- Activity
In the material below, pictures must be dropped. Repeat exactly, and only, the lines from the line with "(2) | 2025.08.14 |" to the line with "Visit Proof |", both ends included.

- Given records
Content starts
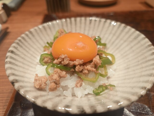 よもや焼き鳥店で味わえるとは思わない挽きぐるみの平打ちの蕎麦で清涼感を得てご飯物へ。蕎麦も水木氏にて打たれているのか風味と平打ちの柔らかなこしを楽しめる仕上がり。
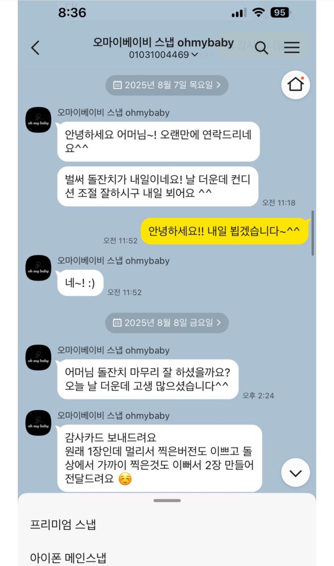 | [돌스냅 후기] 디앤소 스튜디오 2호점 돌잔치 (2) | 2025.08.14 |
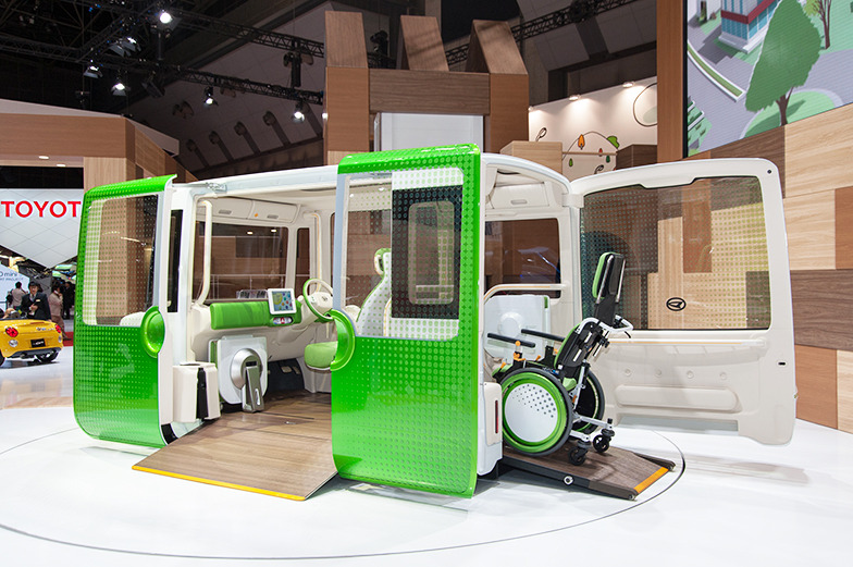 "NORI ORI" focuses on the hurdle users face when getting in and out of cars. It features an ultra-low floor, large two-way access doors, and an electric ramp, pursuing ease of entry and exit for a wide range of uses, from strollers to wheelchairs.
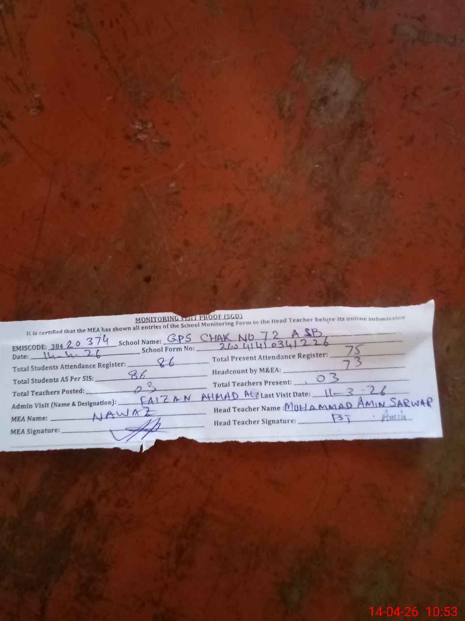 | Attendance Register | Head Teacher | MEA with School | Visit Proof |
Content ends
Content starts
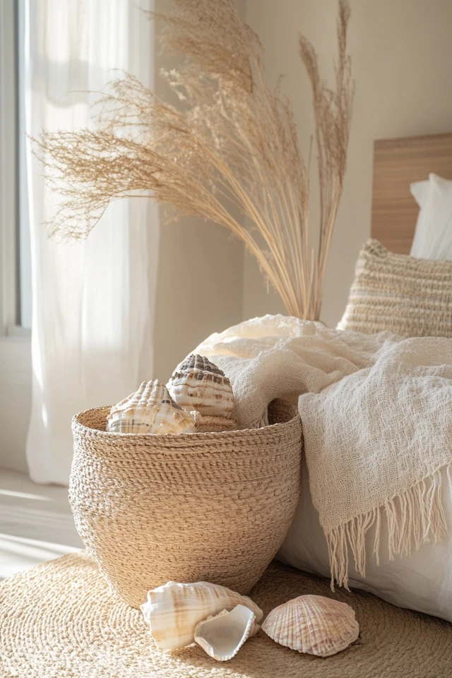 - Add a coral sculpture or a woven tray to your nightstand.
Content ends
- The completed task
 | [돌스냅 후기] 디앤소 스튜디오 2호점 돌잔치 (2) | 2025.08.14 |
 "NORI ORI" focuses on the hurdle users face when getting in and out of cars. It features an ultra-low floor, large two-way access doors, and an electric ramp, pursuing ease of entry and exit for a wide range of uses, from strollers to wheelchairs.
 | Attendance Register | Head Teacher | MEA with School | Visit Proof |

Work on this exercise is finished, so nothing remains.